_Directions for this task_
Can you copy out the data exactly? Leave the images out.

_Source material_
== Segment start ==

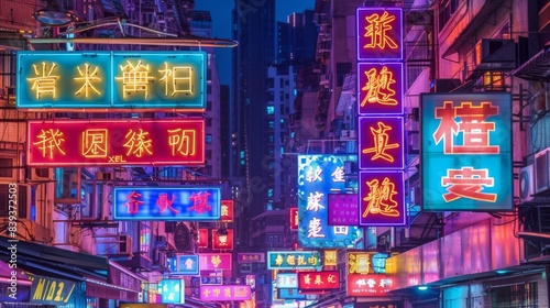 City streets adorned with vibrant neon signs, their colorful glow casting an electrifying atmosphere against the urban backdrop
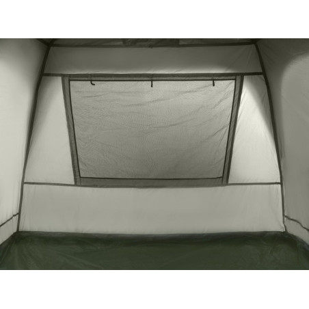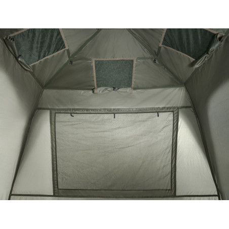 Kolejną dużą zaletą jest rozbudowany system wentylacji, który składa się z kilku okien i osłony. Obszerna moskitiera umieszczona jest zarówno na przedniej, jak i tylnej ścianie, a cztery mniejsze okna znajdują się bezpośrednio w suficie namiotu. Dzięki temu powietrze może przepływać do środka, gdy nie możesz przewietrzyć całego namiotu za pomocą dużych okien. Z pewnością docenisz to w nocy, kiedy pomoże to zmniejszyć skraplanie się pary wodnej na wewnętrznych ścianach. Daszek nad wejściem stanowi dodatkową ochronę przed słońcem i deszczem. Dach jest przymocowany do całej konstrukcji za pomocą szeregu klipsów, aby uniknąć niepotrzebnych ruchów spowodowanych wiatrem. CUBICON posiada również 4 stabilizujące linki i kołki w pakiecie, a także standardową podłogę mocowaną za pomocą wysokiej jakości zamka błyskawicznego na całym obwodzie. Koniec z brudem i niechcianymi wizytami gryzoni!
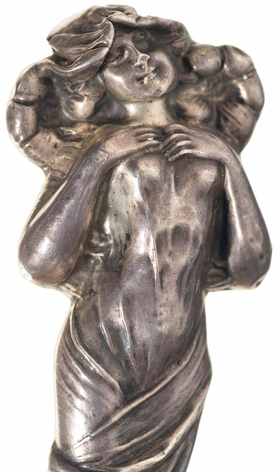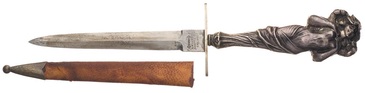The blade is 4" long and is marked "EBRO" flanked by Maltese crosses over "A. WILLIAMS / SHEFFIELD / ENGLAND". Silver oval guard. The scantily clothed woman figure handle is sterling silver. OAL: 7 3/4". Complete with a leather sheath with silver tip.
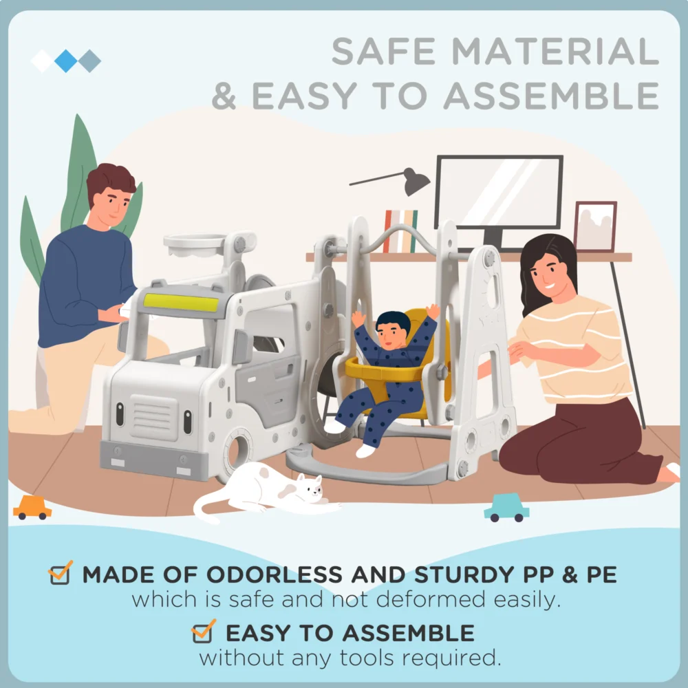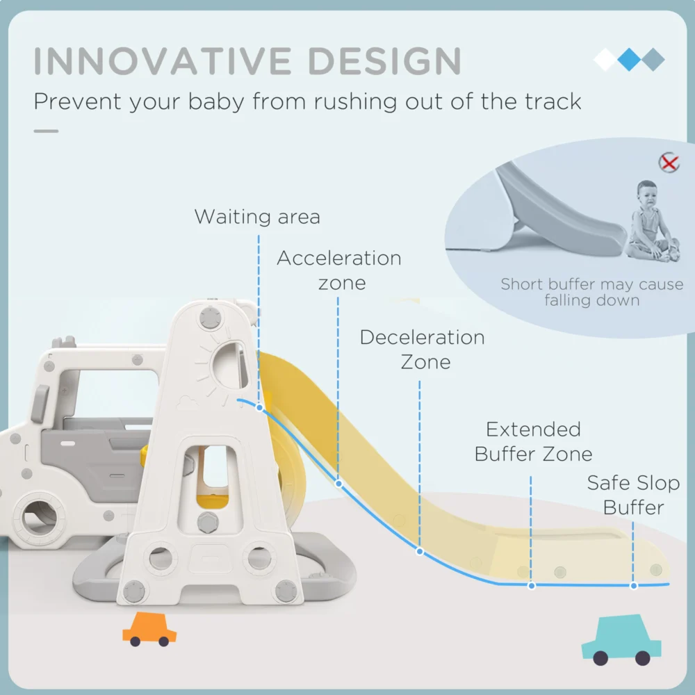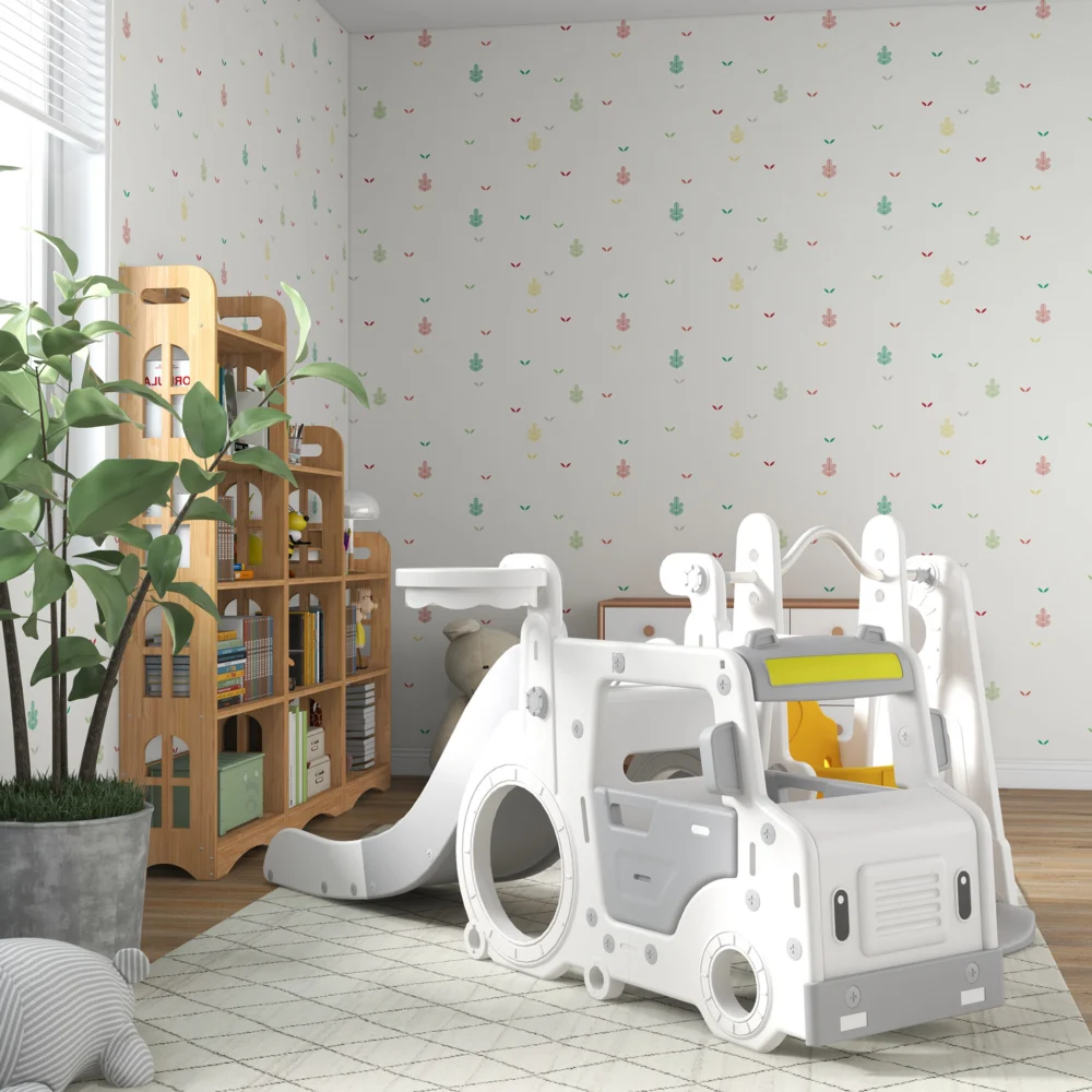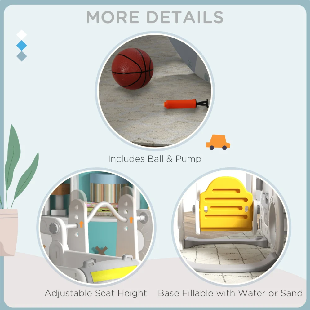 Σετ Slide AIYAPLAY για παιδιά 18-48 μηνών με κούνια, αυτοκίνητο και καλάθι, 201x151x87,5cm, Λευκό 331-041V00WT

== Segment end ==

_Exercise answer_
 City streets adorned with vibrant neon signs, their colorful glow casting an electrifying atmosphere against the urban backdrop
 Kolejną dużą zaletą jest rozbudowany system wentylacji, który składa się z kilku okien i osłony. Obszerna moskitiera umieszczona jest zarówno na przedniej, jak i tylnej ścianie, a cztery mniejsze okna znajdują się bezpośrednio w suficie namiotu. Dzięki temu powietrze może przepływać do środka, gdy nie możesz przewietrzyć całego namiotu za pomocą dużych okien. Z pewnością docenisz to w nocy, kiedy pomoże to zmniejszyć skraplanie się pary wodnej na wewnętrznych ścianach. Daszek nad wejściem stanowi dodatkową ochronę przed słońcem i deszczem. Dach jest przymocowany do całej konstrukcji za pomocą szeregu klipsów, aby uniknąć niepotrzebnych ruchów spowodowanych wiatrem. CUBICON posiada również 4 stabilizujące linki i kołki w pakiecie, a także standardową podłogę mocowaną za pomocą wysokiej jakości zamka błyskawicznego na całym obwodzie. Koniec z brudem i niechcianymi wizytami gryzoni!
The blade is 4" long and is marked "EBRO" flanked by Maltese crosses over "A. WILLIAMS / SHEFFIELD / ENGLAND". Silver oval guard. The scantily clothed woman figure handle is sterling silver. OAL: 7 3/4". Complete with a leather sheath with silver tip.
 Σετ Slide AIYAPLAY για παιδιά 18-48 μηνών με κούνια, αυτοκίνητο και καλάθι, 201x151x87,5cm, Λευκό 331-041V00WT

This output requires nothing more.